In Cleveland, they root for two teams - the Browns and whoever is playing Pittsburgh.  If you troll on over to the Browns fan site, you will be alarmed at how much vitriol is aimed at the Steelers.  While Steelers' fans slough off the Browns as being irrelevant, Browns' fans think the Steelers are the devil.  That's OK.  As one who has been through five decades of this rivalry, I remember when it was the other way around.  So it goes both ways.  Suffice it to say that unlike the du-jour Ravens or former du-jour Raiders, the Steelers and Browns have played 116 times.  Unbelievably, following the 2007 season, the teams had played 110 regular-season games, with each team winning 55.  Pittsburgh outscored the Browns by a single point, 2278 to 2277. 
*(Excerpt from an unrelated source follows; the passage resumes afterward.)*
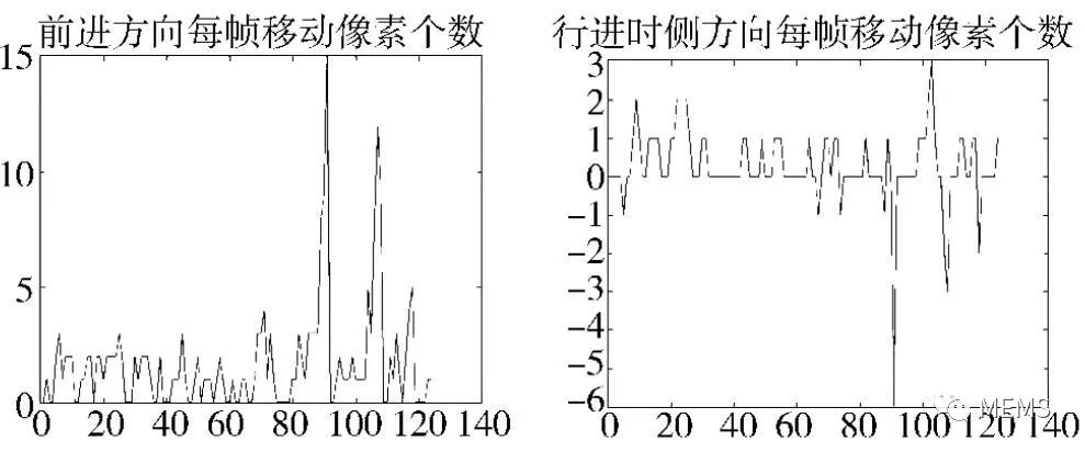 试验用CCD摄像头设定为320 x 240像素,β系数设定为0.9,帧率120 FPS。小车直线向前行驶距离,其中约1 s的数据如图11所示。

This Sunday Pittsburgh will be trying to get an inch closer to the playoffs.  To Cleveland, this Sunday will be the playoffs.  Have you ever noticed how much better the Browns play against the Steelers?  If Josh Cribbs played all his games against Pittsburgh, he'd be the only player to be inducted into the Hall of Fame before his career ended.  Make no mistake, while the Steelers and Ravens are a great rivalry, the Steelers and Browns are the rivalry.  The one that has withstood the test of time, the one that has connected two sister cities with the same blue collar history, and the one that does not need the artificial stimulant of equal quality to generate hate.

Every year I have three goals for the Steelers.  The first goal is to beat Cleveland; the second goal is to beat Cleveland again; the third goal escapes me so it must not be as important.  Oh yeah, now I remember, win the Super Bowl.